The Faroe Islands is a nation connected by a system of simple ferries, well used and affordable helicopter routes, incredible tunnel systems (one of which travels underneath the Atlantic Ocean itself) and by stories that bond the Faroese people. The need to communicate between islands, villages and the large extended families is something of a Faroese way of living. Connecting these islands and bringing the news has historically been down to the hard work of the postal workers. With the adoption of the internet and the Faroese government’s desire to encourage people to spread out across their most remote islands, the postal workers have a potentially new role in reconnecting those people and places.
This story was featured by the BBC and can be accessed here
With remote island communities shrinking more and more in some places the postal service and helicopters are servicing very small numbers, however there are also adventurous young people and families who are trying to build new lives out in the wilds. Before the islands were so well connected a system called Skjúts was set up in the 1860’s. This system involved each village appointing an agent who would coordinate men to send parcels and post from one island to another. Certain known postal routes over mountain ridges and along fjords are a fond part of Faroese living memory, though they’re non longer used. The need to connect and tell stories is part of the Faroese tradition and with television in the Faroese language only being broadcast officially for the first time in the early 1980’s the sharing of information in a more traditional way via stories is still remembered by an older generation. The postal service has been connecting not only the geography of the Faroe Islands but the idea of a people connected through complex familial ties and a deep sense of place.
Jancy the postmistress of Mykines
Jancy has been the postwomen on Mykines an island of currently 9 inhabitants, all her adult life. At 67 she will soon retire and pass on most of the responsibility to her brother Bjartni. I’d met Jancy before and I’m glad she’s still meeting the helicopter three times a week for the post.
She wears a floral headscarf, simple jacket and short wellingtons.
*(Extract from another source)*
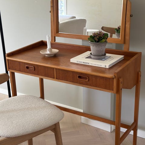 SKRIVBORD, 1960-tal, teak, skåpsdörr samt 5 lådor.

No gloves, despite the freezing wind coming off the ocean. She’s never cold she says. When the helicopter comes, like the seabirds that migrate here, she can see the arrival from her living room with a pair of old fashioned binoculars lined up between her potted plants on the windowsill.
In summer the island is served by boat, and the mail arrives this way in brown hessian postal sacks. At this time of year it’s too dangerous to sail. Most of the islanders will gather near the helipad when the helicopter arrives, this is a big moment in the day, the sheepdogs join too. There are no roads on the island, only small lanes between tiny stone houses, many of which have the traditional grass roofs. The village sits in a hollow in the side of a giant wedge of basalt to the west of the Faroes. Sheep graze high up on the slopes, rollers break at the tiny harbour and seabirds, most famously puffins when they arrive nest all along the islands most westerly tip.
Jancy lives in a red house with a blue postal box attached to the wall. This is the house in which she was born. The ground floor was until a couple of years ago, where the cattle were kept. In the front room chairs are stacked high with piles of crossword, sudoku and puzzle books. A deck of worn playing cards are close by. Jancy baked ginger cakes and sipped black coffee in the shadow of a begonia struggling towards the few hours of Faroese winter sunlight. The other islands’s residents can always see Jancy walking the village with their letters, sometimes she carries a canvass shoulder bag holding printed copies of the Faroe Islands’ two daily newspapers, both of which have loyal readerships and connect many of the islands older residents to the issues of the day. Jancy and her brother have four cats and two dogs, Barry and Alf. The dogs can be heard barking below in the cow shed. The last children left the island recently, one to study physics abroad and the other to study in a Faroese town on the mainland. The school sits empty, through the window I can see wooden desks reflecting the low sunlight and a globe that has sat still for a long time. ‘Without animals, life on Mykines is lonely’ says Jancy. She shows me photographs of dogs from her childhood. Her daughter is in her 30’s and lives in Copenhagen where she works as a vet. ‘She’ll never move home’ says Jancy ‘still, I understand. I like Copenhagen, there you can be anonymous, not like here’.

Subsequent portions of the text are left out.